= Beginning of Section =

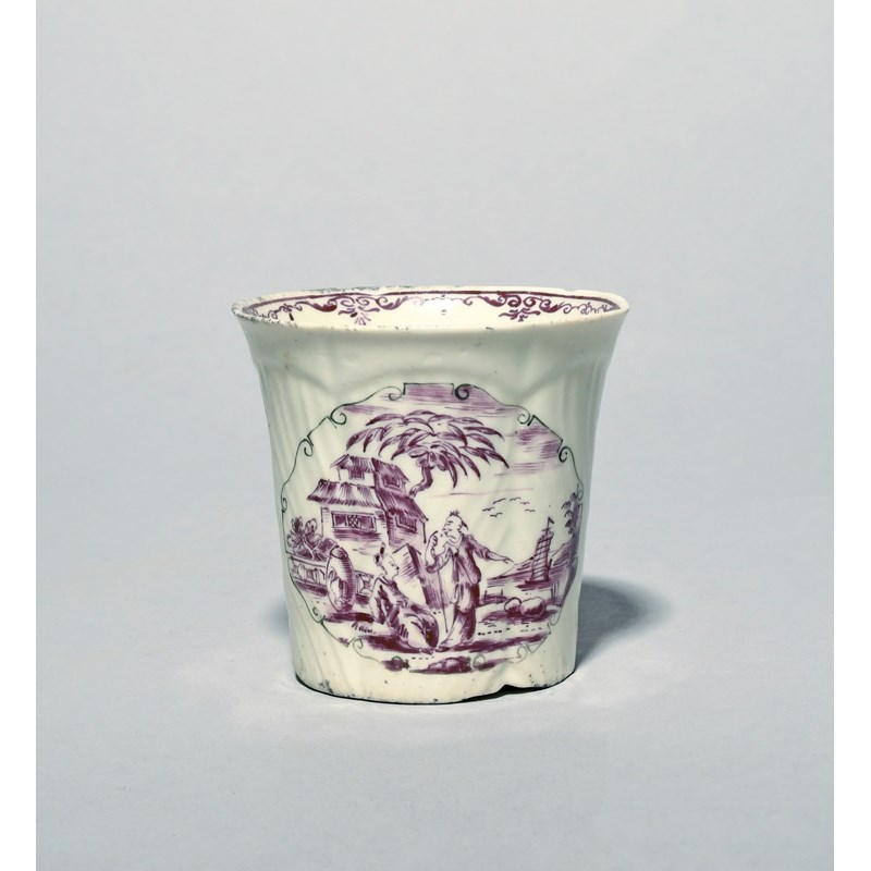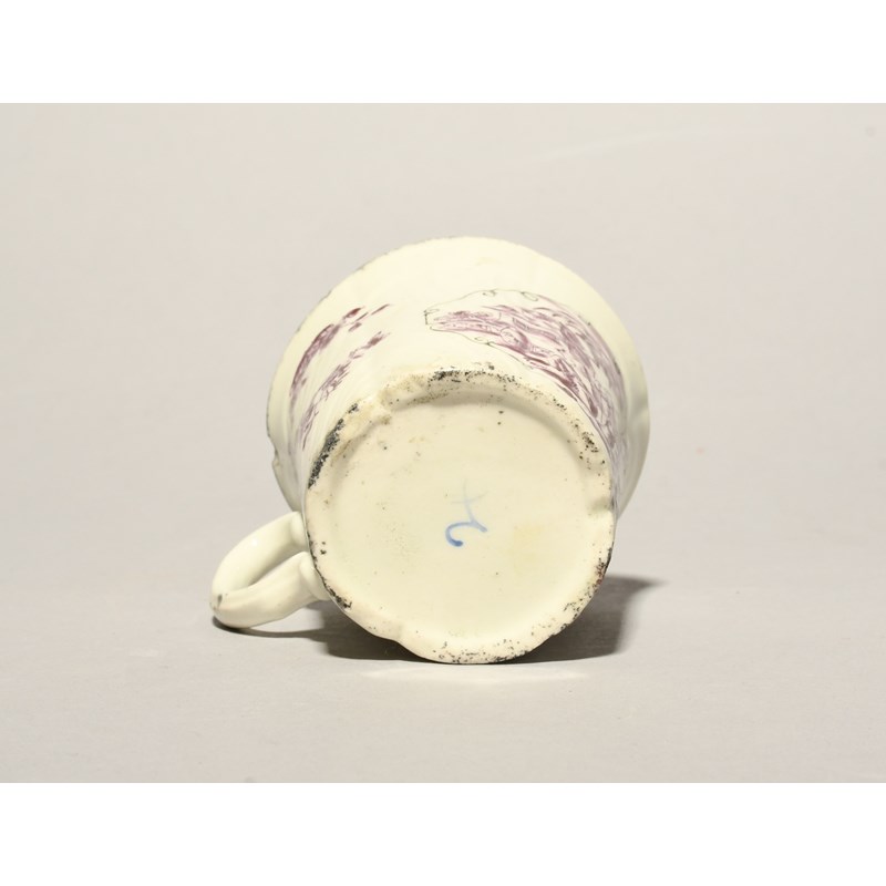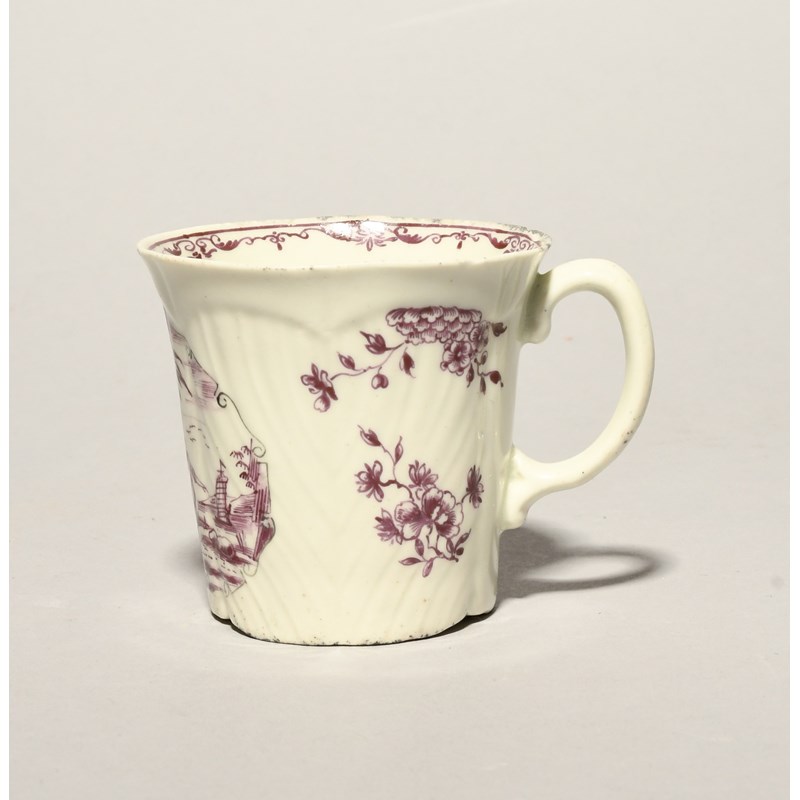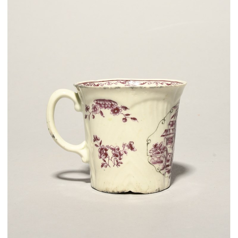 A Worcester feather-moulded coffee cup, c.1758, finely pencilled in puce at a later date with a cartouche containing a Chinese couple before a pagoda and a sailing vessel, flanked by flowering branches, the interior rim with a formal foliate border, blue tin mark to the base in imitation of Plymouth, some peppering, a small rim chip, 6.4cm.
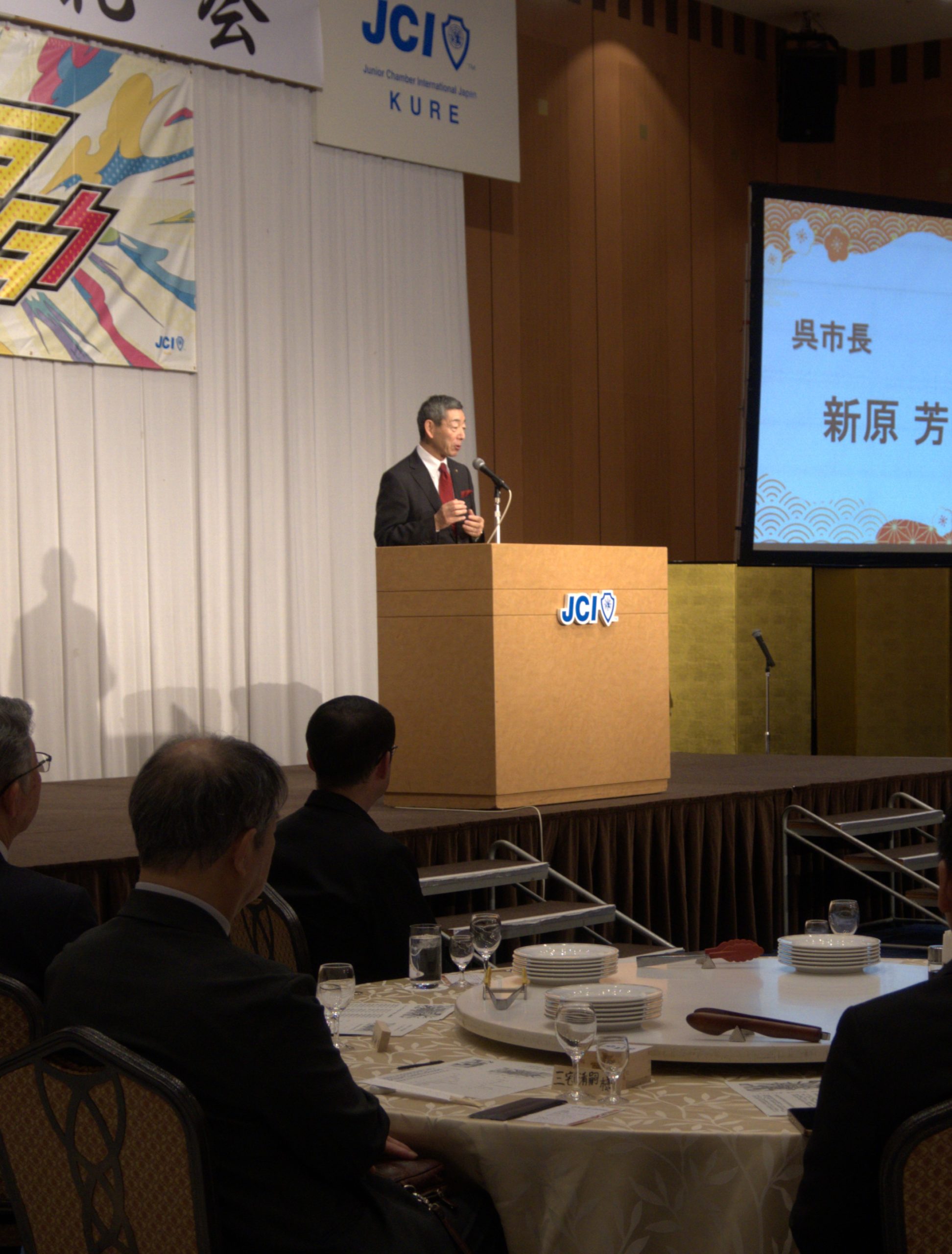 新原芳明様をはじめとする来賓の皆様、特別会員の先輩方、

= End of Section =
= Beginning of Section =

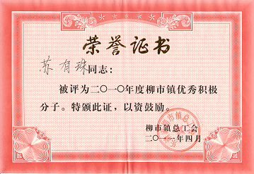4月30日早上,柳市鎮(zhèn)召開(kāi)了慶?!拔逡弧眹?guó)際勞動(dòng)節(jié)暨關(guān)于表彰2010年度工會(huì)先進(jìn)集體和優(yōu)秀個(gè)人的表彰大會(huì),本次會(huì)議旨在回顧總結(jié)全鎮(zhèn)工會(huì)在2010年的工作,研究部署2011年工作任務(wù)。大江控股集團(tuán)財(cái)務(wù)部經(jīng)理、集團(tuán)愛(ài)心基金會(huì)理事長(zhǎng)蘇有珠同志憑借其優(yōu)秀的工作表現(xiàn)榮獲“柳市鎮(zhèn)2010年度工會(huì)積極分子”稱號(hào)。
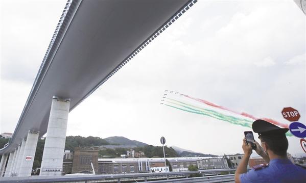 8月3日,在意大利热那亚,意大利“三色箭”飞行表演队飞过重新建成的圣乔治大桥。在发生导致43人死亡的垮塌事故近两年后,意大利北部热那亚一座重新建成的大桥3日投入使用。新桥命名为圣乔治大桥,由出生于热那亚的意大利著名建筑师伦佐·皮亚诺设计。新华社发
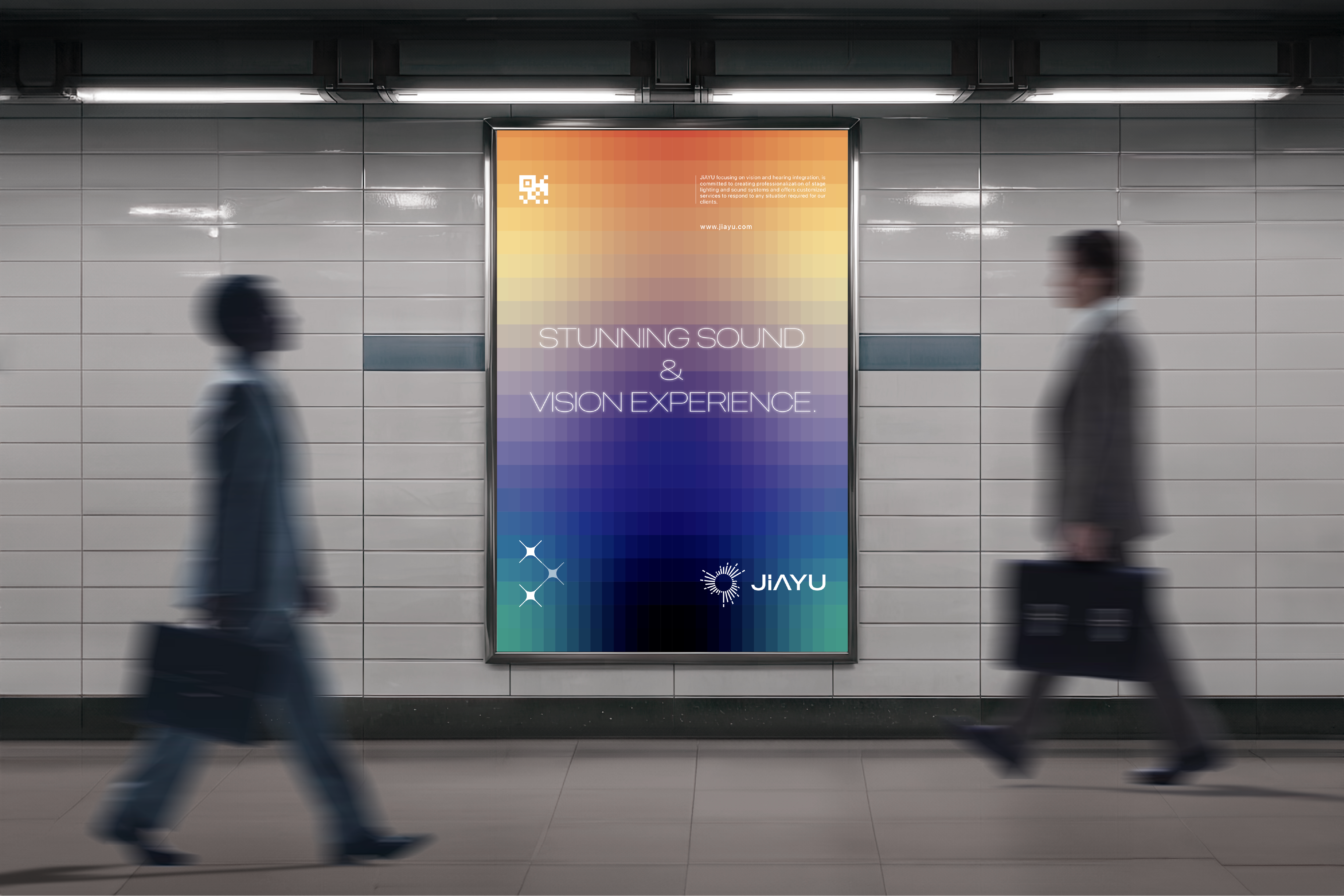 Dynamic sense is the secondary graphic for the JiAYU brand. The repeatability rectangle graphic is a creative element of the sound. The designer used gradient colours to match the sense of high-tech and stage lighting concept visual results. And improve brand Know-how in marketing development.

= End of Section =
= Beginning of Section =

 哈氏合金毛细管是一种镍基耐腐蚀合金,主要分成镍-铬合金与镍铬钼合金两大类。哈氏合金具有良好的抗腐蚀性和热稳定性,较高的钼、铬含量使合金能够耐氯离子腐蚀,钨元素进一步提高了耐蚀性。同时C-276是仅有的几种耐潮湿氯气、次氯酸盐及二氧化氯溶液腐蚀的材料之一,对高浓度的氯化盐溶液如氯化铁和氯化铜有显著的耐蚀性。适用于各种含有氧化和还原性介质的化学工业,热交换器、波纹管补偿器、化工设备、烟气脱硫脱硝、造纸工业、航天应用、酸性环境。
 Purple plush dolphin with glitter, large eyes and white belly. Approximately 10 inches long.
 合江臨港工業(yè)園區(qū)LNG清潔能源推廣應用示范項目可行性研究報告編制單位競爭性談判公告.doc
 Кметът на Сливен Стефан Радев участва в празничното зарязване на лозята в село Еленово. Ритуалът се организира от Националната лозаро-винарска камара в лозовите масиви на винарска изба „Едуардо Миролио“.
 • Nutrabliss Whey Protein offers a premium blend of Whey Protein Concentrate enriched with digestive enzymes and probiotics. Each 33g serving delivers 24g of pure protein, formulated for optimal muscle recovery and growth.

= End of Section =

## Assignment
From the records above, give again only the part that opens with the line containing "8月3日,在意大利热那亚,意" and closes with the line containing "Dynamic sense is". Keep both ends but drop the pictures.

## Answer to the exercise
 8月3日,在意大利热那亚,意大利“三色箭”飞行表演队飞过重新建成的圣乔治大桥。在发生导致43人死亡的垮塌事故近两年后,意大利北部热那亚一座重新建成的大桥3日投入使用。新桥命名为圣乔治大桥,由出生于热那亚的意大利著名建筑师伦佐·皮亚诺设计。新华社发
 Dynamic sense is the secondary graphic for the JiAYU brand. The repeatability rectangle graphic is a creative element of the sound. The designer used gradient colours to match the sense of high-tech and stage lighting concept visual results. And improve brand Know-how in marketing development.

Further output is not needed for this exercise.